Azure Arc-enabled Open Service Mesh
The following troubleshooting steps provide guidance on validating the deployment of all the Open Service Mesh extension components on your cluster.
Check OSM Controller Deployment
kubectl get deployment -n arc-osm-system --selector app=osm-controller
If the OSM Controller is healthy, you will get an output similar to the following output:
NAME READY UP-TO-DATE AVAILABLE AGE
osm-controller 1/1 1 1 59m
Check the OSM Controller Pod
kubectl get pods -n arc-osm-system --selector app=osm-controller
If the OSM Controller is healthy, you will get an output similar to the following output:
NAME READY STATUS RESTARTS AGE
osm-controller-b5bd66db-wglzl 0/1 Evicted 0 61m
osm-controller-b5bd66db-wvl9w 1/1 Running 0 31m
Even though we had one controller evicted at some point, we have another one which is READY 1/1 and Running with 0 restarts.

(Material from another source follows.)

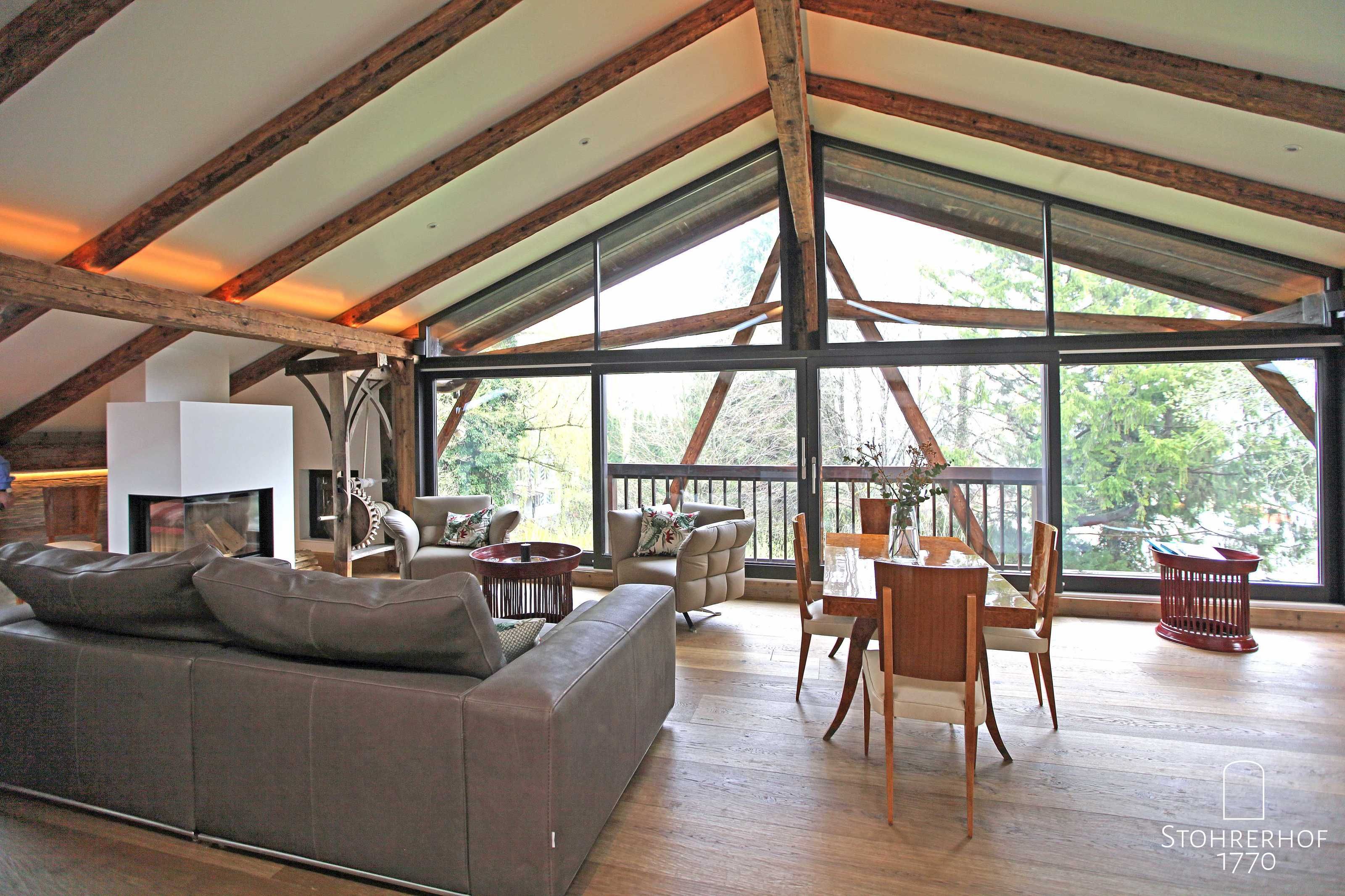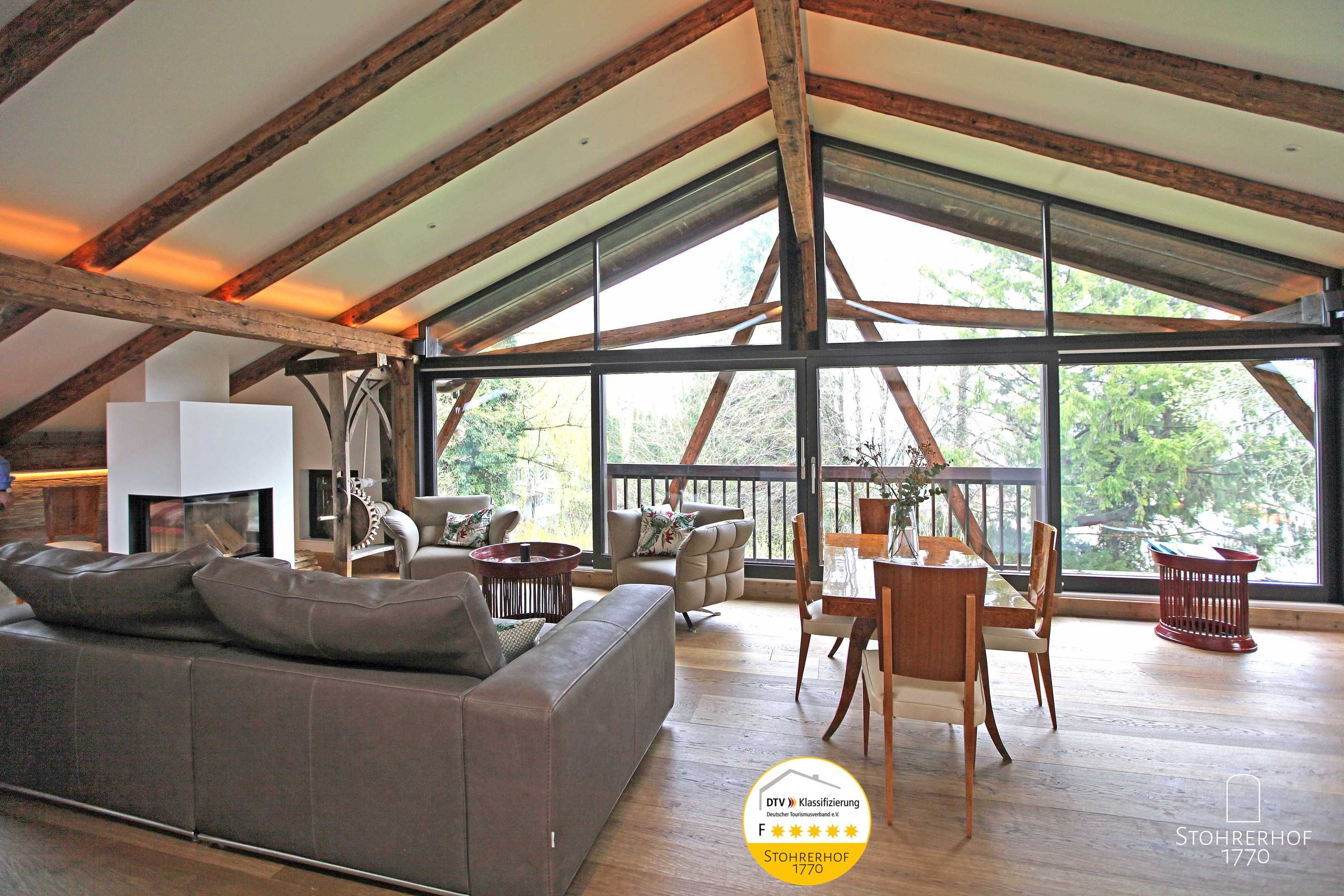 Sie haben die Wahl - entweder Sie buchen das Penthouse individuell und erreichen es über einen separaten Eingang und ein eigenes Treppenhaus, oder Sie buchen das komplette Haus und erreichen das Penthouse bequem über das integrierte Treppenhaus von Erdgeschoss und Belle Etage. Unser Gut Stohrerhof bietet Ihnen flexibel Platz für bis zu 15 Personen - ganz wie Sie wollen.

If the column READY is anything other than 1/1 the service mesh would be in a broken state.
Column READY with 0/1 indicates the control plane container is crashing - we need to get logs. Use the following command to inspect controller logs:
kubectl logs -n arc-osm-system -l app=osm-controller
Column READY with a number higher than 1 after the / would indicate that there are sidecars installed. OSM Controller would most likely not work with any sidecars attached to it.
Check OSM Controller Service
kubectl get service -n arc-osm-system osm-controller
If the OSM Controller is healthy, you will have the following output:
NAME TYPE CLUSTER-IP EXTERNAL-IP PORT(S) AGE
osm-controller ClusterIP 10.0.31.254 <none> 15128/TCP,9092/TCP 67m
Note
The CLUSTER-IP would be different. The service NAME and PORT(S) must be the same as seen in the output.

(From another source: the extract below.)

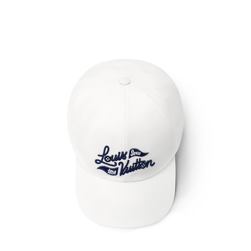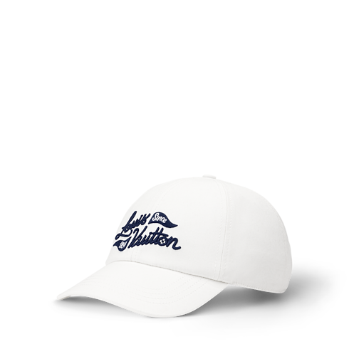 Il luminoso cappello Golf color bianco dona freschezza a una giornata sul green. La firma "Louis Vuitton Since 1854" è ricamata sul davanti in un raffinato stile calligrafico e abbinata a bandiere sportive a triangolo in un'intensa tonalità blu. Il cinturino posteriore è dotato di una fibbia quadrata incisa con il logo LOUIS VUITTON, per un comfort personalizzabile e un'eleganza senza pari.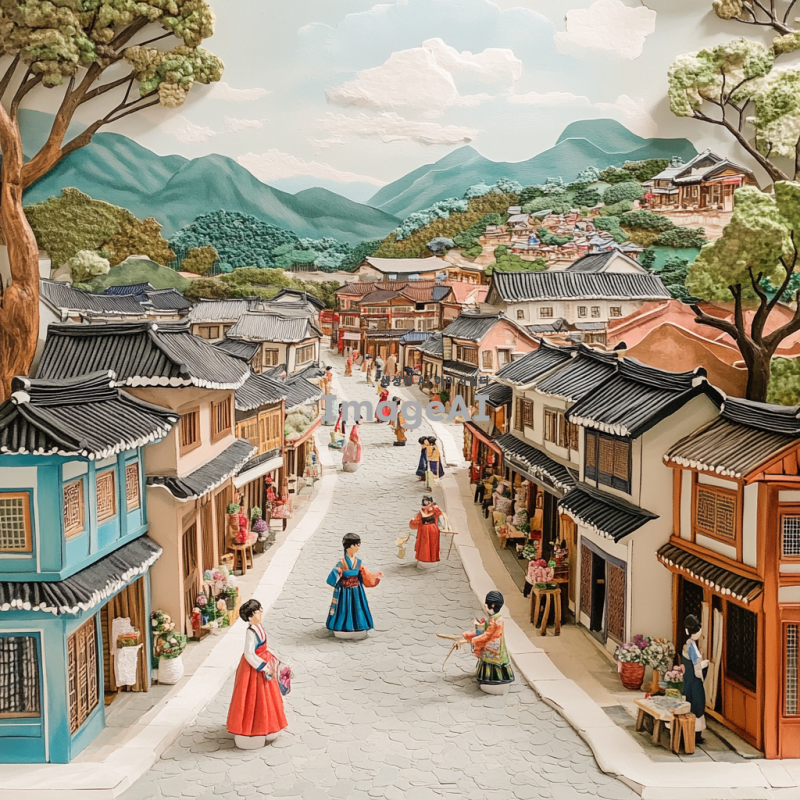안동 시장의 메인 스트릿을 배경으로, 전통적인 건축 양식과 현대적인 디자인이 조화를 이루는 모습을 그린다. 거리에 전통놀이를 즐기는 사람들의 모습을 담고, 곳곳에 사진을 찍기 좋은 포토존을 배치한다. 시장의 활기찬 분위기와 다양한 상점들이 늘어서 있는 모습을 표현하고, 전통적인 한복을 입은 사람들이 현대적인 건물 앞에서 전통놀이를 하는 장면을 포함한다. 포토존은 전통적인 장식 요소와 현대적인 디자인이 어우러진 형태로, 방문객들이 사진을 찍으며 즐길 수 있는 공간으로 설정한다.

Check OSM Controller Endpoints
kubectl get endpoints -n arc-osm-system osm-controller
If the OSM Controller is healthy, you will get an output similar to the following output:
NAME ENDPOINTS AGE
osm-controller 10.240.1.115:9092,10.240.1.115:15128 69m
If the user's cluster has no ENDPOINTS for osm-controller this would indicate that the control plane is unhealthy. This may be caused by the OSM Controller pod crashing, or never deployed correctly.
Check OSM Injector Deployment
kubectl get deployments -n arc-osm-system osm-injector
If the OSM Injector is healthy, you will get an output similar to the following output:
NAME READY UP-TO-DATE AVAILABLE AGE
osm-injector 1/1 1 1 73m
Check OSM Injector Pod
kubectl get pod -n arc-osm-system --selector app=osm-injector
If the OSM Injector is healthy, you will get an output similar to the following output:
NAME READY STATUS RESTARTS AGE
osm-injector-5986c57765-vlsdk 1/1 Running 0 73m
The READY column must be 1/1. Any other value would indicate an unhealthy osm-injector pod.
Check OSM Injector Service
kubectl get service -n arc-osm-system osm-injector
If the OSM Injector is healthy, you will get an output similar to the following output:
NAME TYPE CLUSTER-IP EXTERNAL-IP PORT(S) AGE
osm-injector ClusterIP 10.0.39.54 <none> 9090/TCP 75m
Ensure the IP address listed for osm-injector service is 9090. There should be no EXTERNAL-IP.
Check OSM Injector Endpoints
kubectl get endpoints -n arc-osm-system osm-injector
If the OSM Injector is healthy, you will get an output similar to the following output:
NAME ENDPOINTS AGE
osm-injector 10.240.1.172:9090 75m
For OSM to function, there must be at least one endpoint for osm-injector. The IP address of your OSM Injector endpoints will be different. The port 9090 must be the same.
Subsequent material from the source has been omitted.